#### Data in this exercise
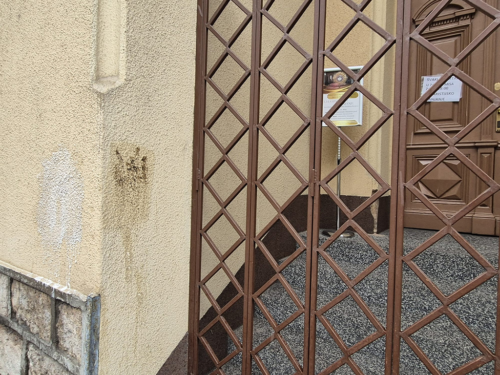 Za sada nepoznati počinitelj je na pročelju samostanske crkve Sv. Vinka, sestara milosrdnica, koja se nalazi u srcu Sarajeva, uz središnju prometnicu kojom prolazi i tramvaj, izmetom namazao zid.
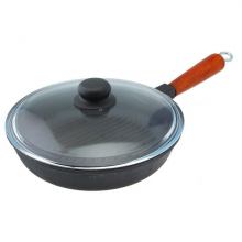 Чугунная сковорода-гриль БЛМЗ 240*50 с деревянной ручкой и стеклянной крышкой
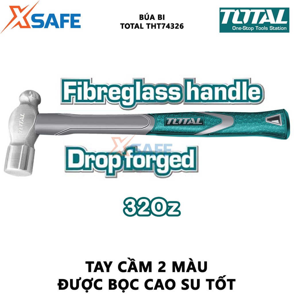 Búa đầu tròn TOTAL THT74326 900g Búa cầm tay đầu bi mini rèn nguyên khối carbon 45#, chịu nhiệt, tay cầm kiểu dáng mảnh
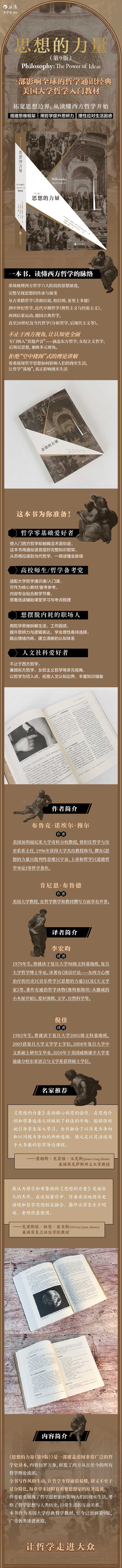 《思想的力量》是部精心构思的佳作,在思想介绍和原著选读之间做到了极佳的平衡,能够很好地引导学生深入学习。全书融合了以历史为导向和以问题为导向的两种进路,使之足以灵活适用于大多数的哲学导论课程。
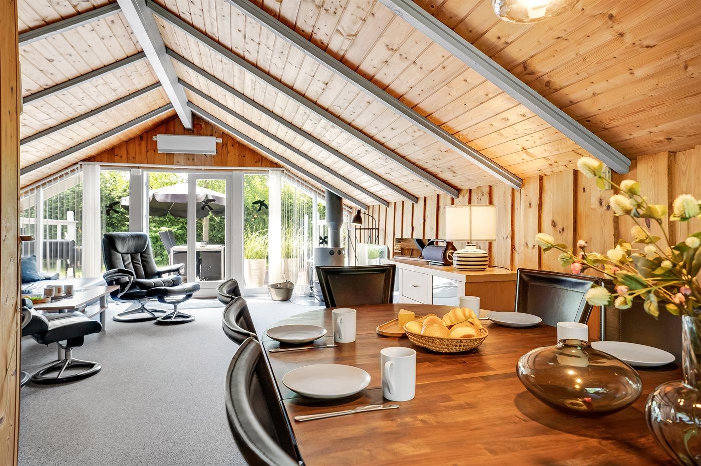 Hyggeligt sommerhus med aktivitetsrum, brændeovn og to terrasser nær Gedesby Strand.
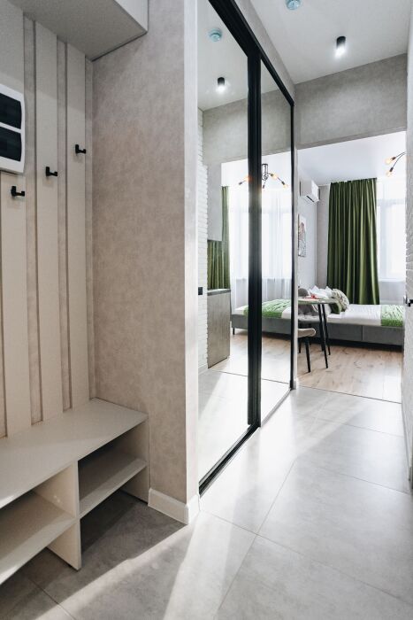 Kвартирa cтудия с дизaйнерским рeмонтoм, в 10 минутах езды от горы Зеленая.
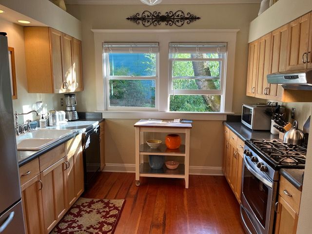 Un lugar enriquecedor con abundante luz, vistas al jardín y acceso a la mejor comida de Portland. «¡El mejor Airbnb en el que me he hospedado!» - Comentario frecuente de los huéspedes. - Premio del Instituto Americano de Arquitectos al diseñador Webster Wilson. - Servicios de lujo y accesorios europeos. - Tranquila calle arbolada del barrio de NoPo, a pocos minutos del centro de la ciudad. - Cocina totalmente equipada con café local fresco. - Comedor en interiores y al aire libre - Consulta los pies de foto para obtener más información. - Se admiten animales de servicio entrenados; no se admiten mascotas ni ESA.
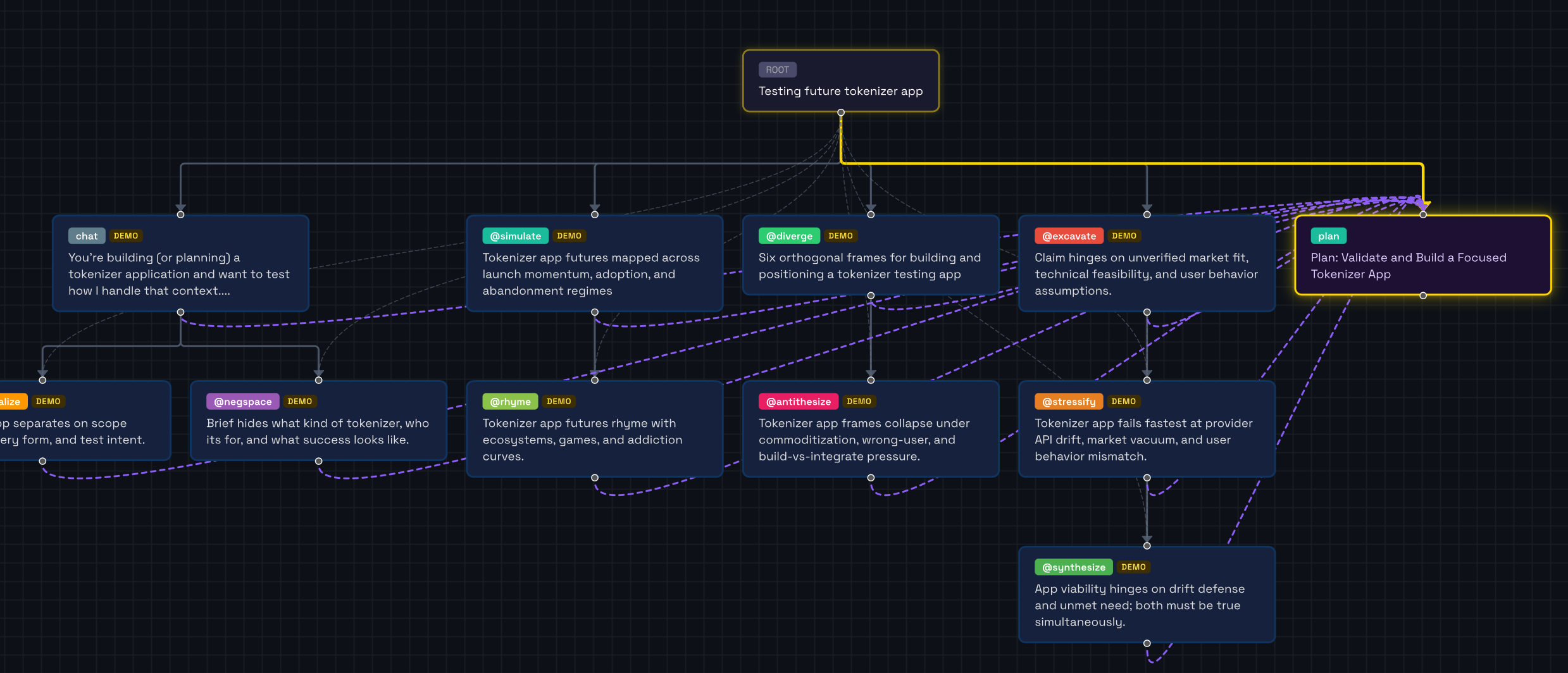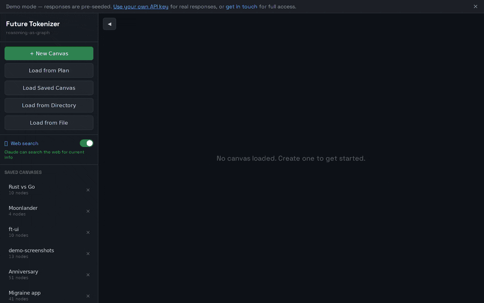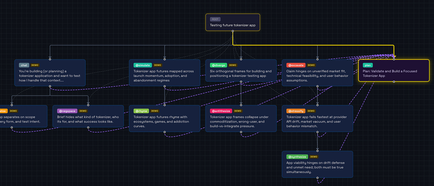 Thinking has structure: moves, operations, branches, types, tensions, dead ends, convergences. Most interfaces squeeze your thinking into a single textbox that receives a single response. Future Tokenizer expands your response surface, so you can see how many options you actually have.
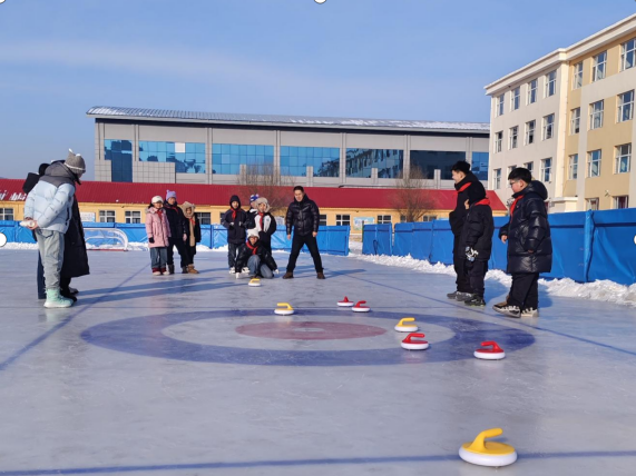 冰雪場上,活力飛揚。隨後,六中操場、二十五中操場、太陽昇操場變身歡樂的冰雪樂園,簡易冰壺、拉雪圈、冰球體驗等趣味項目依次開展。專業冰雪教練耐心指導動作要領,營員們身著保暖裝備,在雪地裡奔跑、協作、拼搏,歡呼聲與笑聲驅散了冬日寒意。『冰壺看起來簡單,實際操作起來特別考驗配合,我們小組練了好幾次纔成功,這種一起努力的感覺太酷了!』太陽昇小學的尚福崇臉上帶著笑意,語氣裡滿是成就感。
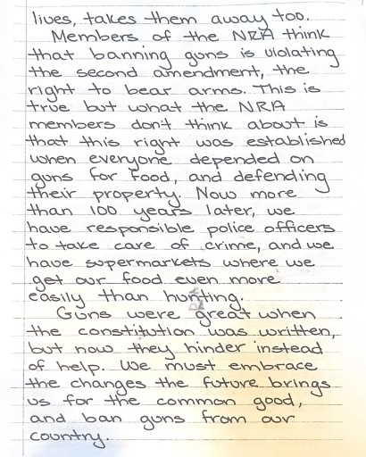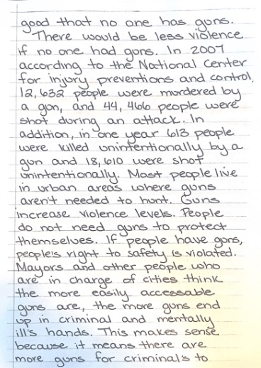 2. The whole assignment is toxic dung heap because any 5th grader who does challenge the essay will get suspended or expelled for “making threats” by speaking of guns in “any-anything-but-horrified” light. The average 5th grader would not be able to challenge that loaded crap with skill, but they might still recognize it as a bad-faith arguments, and get themselves in trouble by responding to this deliberate crap with the intelligence of a real fifth grader. Some truly poor souls might naively parrot back the strong opinions of their parents, thus throwing gasoline of this self inflicted fire.
########
Problem: Reproduce the listing above exactly from the line containing "Kвартирa cтудия с" up to and including the line containing "冰雪場上,活力飛揚。隨後,六", omitting any images and everything outside those lines.

Written reply:
 Kвартирa cтудия с дизaйнерским рeмонтoм, в 10 минутах езды от горы Зеленая.
 Un lugar enriquecedor con abundante luz, vistas al jardín y acceso a la mejor comida de Portland. «¡El mejor Airbnb en el que me he hospedado!» - Comentario frecuente de los huéspedes. - Premio del Instituto Americano de Arquitectos al diseñador Webster Wilson. - Servicios de lujo y accesorios europeos. - Tranquila calle arbolada del barrio de NoPo, a pocos minutos del centro de la ciudad. - Cocina totalmente equipada con café local fresco. - Comedor en interiores y al aire libre - Consulta los pies de foto para obtener más información. - Se admiten animales de servicio entrenados; no se admiten mascotas ni ESA.
 Thinking has structure: moves, operations, branches, types, tensions, dead ends, convergences. Most interfaces squeeze your thinking into a single textbox that receives a single response. Future Tokenizer expands your response surface, so you can see how many options you actually have.
 冰雪場上,活力飛揚。隨後,六中操場、二十五中操場、太陽昇操場變身歡樂的冰雪樂園,簡易冰壺、拉雪圈、冰球體驗等趣味項目依次開展。專業冰雪教練耐心指導動作要領,營員們身著保暖裝備,在雪地裡奔跑、協作、拼搏,歡呼聲與笑聲驅散了冬日寒意。『冰壺看起來簡單,實際操作起來特別考驗配合,我們小組練了好幾次纔成功,這種一起努力的感覺太酷了!』太陽昇小學的尚福崇臉上帶著笑意,語氣裡滿是成就感。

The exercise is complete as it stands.